Based solely on availability and economy, I chose an Ontario sourced variety of the Coronation grape. Coronation is an early ripening hybrid variety of grape developed in Canada and is virtually seedless. Although they tend to be a bit mushy when compared to other commercial varieties of grapes, I thought these grapes would be perfect smeared on a cracker or toast with some cheese. 

I decided white wine vinegar was fitting. Ideally, I’ll muster up the patience to source a local variety for my next attempt.  For the spicing, I decided on a simple blend of fresh rosemary, ground cinnamon, a chunk of fresh ginger and a few black peppercorns. In hindsight, a stick of cinnamon in each jar might make them look a bit better but I had to settle for ground cinnamon that day. The Recipe is as follows:

Makes  4 Small mason jars

2 Cups White Wine Vinegar

3-4 Cups Coronation Grapes (or any variety you please)

1 cup of white sugar

1 teaspoon of ground cinnamon

A pinch of black peppercorns

4 small chunks of peeled fresh ginger, one for each jar

4 sprigs of fresh rosemary, one for each jar

1. Sanitize each jar and lid thoroughly and rinse the grapes and rosemary

2. Combine the vinegar, sugar, ground cinnamon and peppercorns in a small pot or sauce pan and bring to a gentle boil. 
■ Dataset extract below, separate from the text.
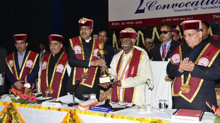 हमीरपुर : राज्यपाल बंडारू दत्तात्रेय ने कहा कि प्रतिस्पर्धात्मक वैश्विक अर्थव्यवस्था के इस दौर में हमें स्नातकों को गुणात्मक शिक्षा प्रदान करनी चाहिए। इसके लिए विश्वस्तरीय शैक्षणिक प्रबंधन कार्यप्रणाली अपनाना आवश्यक है। इस अवसर पर उन्होंने विश्वविद्यालय के मेधावी छात्रों को 269 पदक और डिग्रियां प्रदान की। इसके अलावा उन्होंने विद्यार्थियों को 14 स्वर्ण पदक, 12 रजत पदक और 243 डिग्रियां प्रदान कीं। विद्यार्थियों को दीक्षांत समारोह की बधाई देते हुए राज्यपाल ने कहा कि उन्हें अपनी शिक्षा देश व समाज के हित के लिए उपयोग करनी चाहिए तथा विज्ञान एवं तकनीक के अपने ज्ञान को समाज में परिवर्तन लाने के लिए उपयोग में लाना चाहिए। उन्होंने नि:शुल्क ऑनलाइन पाठ्यक्रमों तथा सूचना प्रौद्योगिकी से युक्त फोरम व शिक्षण के सामंजस्य पर बल दिया। उन्होंने कहा कि पाठ्यक्रम में उद्योग से संबंधित विषयों को सम्मिलित किया जाना चाहिए। उन्होंने कहा कि जनसांख्यिीकी लाभ तभी प्राप्त हो सकते है जब अधिकांश युवाओं को बेहतर शिक्षा, ज्ञान और कौशल प्रदान किया जाए। इसके लिए विश्वविद्यालयों को आधुनिक तकनीक से युक्त रचनात्मक आधार पर कार्य करने की आवश्यकता है। राज्यपाल ने कहा कि विश्वविद्यालयों को अपनी सामाजिक जिम्मेदारी में योगदान देना चाहिए। उन्होंने कहा कि विश्वविद्यालय के कम से कम पांच छात्रों को हर दो माह उपरांत गांव जाकर ग्रामीणों को महत्वपूर्ण योजनाओं जैसे स्वच्छता, साक्षरता के बारे में जागरुक करवाना चाहिए। उन्होंने युवाओं को मेक इन इंडिया, स्टार्टअप इंडिया और मुद्रा योजना गारंटी जैसी योजनाओं का लाभ उठाने पर बल दिया। उन्होंने युवाओं से नवाचार पर काम करने और उद्यमिता की ओर बढ़ने का आह्वान किया। उन्होंने राष्ट्रपिता महात्मा गांधी तथा पूर्व प्रधानमंत्री अटल बिहारी वाजपेयी के जीवन पर विश्वविद्यालय में अध्ययनपीठ शुरू करने पर अधिकारियों को बधाई दी। शिक्षा मंत्री सुरेश भारद्वाज ने इस अवसर पर कहा कि शिक्षा का जीवन में विशेष महत्व है। अपनी बुद्धिमता के कारण हम अन्य सभी जीवों से अलग है और ज्ञान से बुद्धिमता और शिक्षा से ज्ञान अर्जित किया जा सकता है। हम शिक्षा के विस्तार पर ध्यान दे रहे है, लेकिन शिक्षा को रोजगारन्मुखी बनाने की आवश्यकता है, इसके लिए कौशल आवश्यक है। उन्होंने कहा कि वर्तमान युग तकनीक का है और हमें इस पर कार्य करने की आवश्यकता है, इससे रोजगार के नए अवसर मिलेंगे। सुरेश भारद्वाज ने कहा कि हिमाचल प्रदेश शिक्षा के क्षेत्र में तेजी से आगे बढ़ रहा है। हिमाचल की स्थापना के समय यहां केवल 10 प्रतिशत साक्षरता दर थी, जो आज अप्रवासी कामगारों को अलग रख 90 प्रतिशत हो गई है। उन्होंने कहा कि प्रदेश में

3. Place a sprig of rosemary and a chunk of ginger in the bottom of each jar

4. Fill the jars with grapes to just below the rim. Make sure to take care not to squish the grapes if using a mushier variety such as coronation.

5. Let the vinegar mixture cool before pouring over the grapes and filling to the rim of the jar. A scalding mixture will cook the grapes and make them ever mushier.

6. Cap and refrigerate. They should be at their best for at least a week.

I couldn’t help but taste them after just 2 days. They were delicately tart and the white wine vinegar worked great with the natural grape flavour. The ginger and cinnamon provided a marriage of seasonal flavours that blended  wonderfully to the earthy spiciness of the black peppercorns.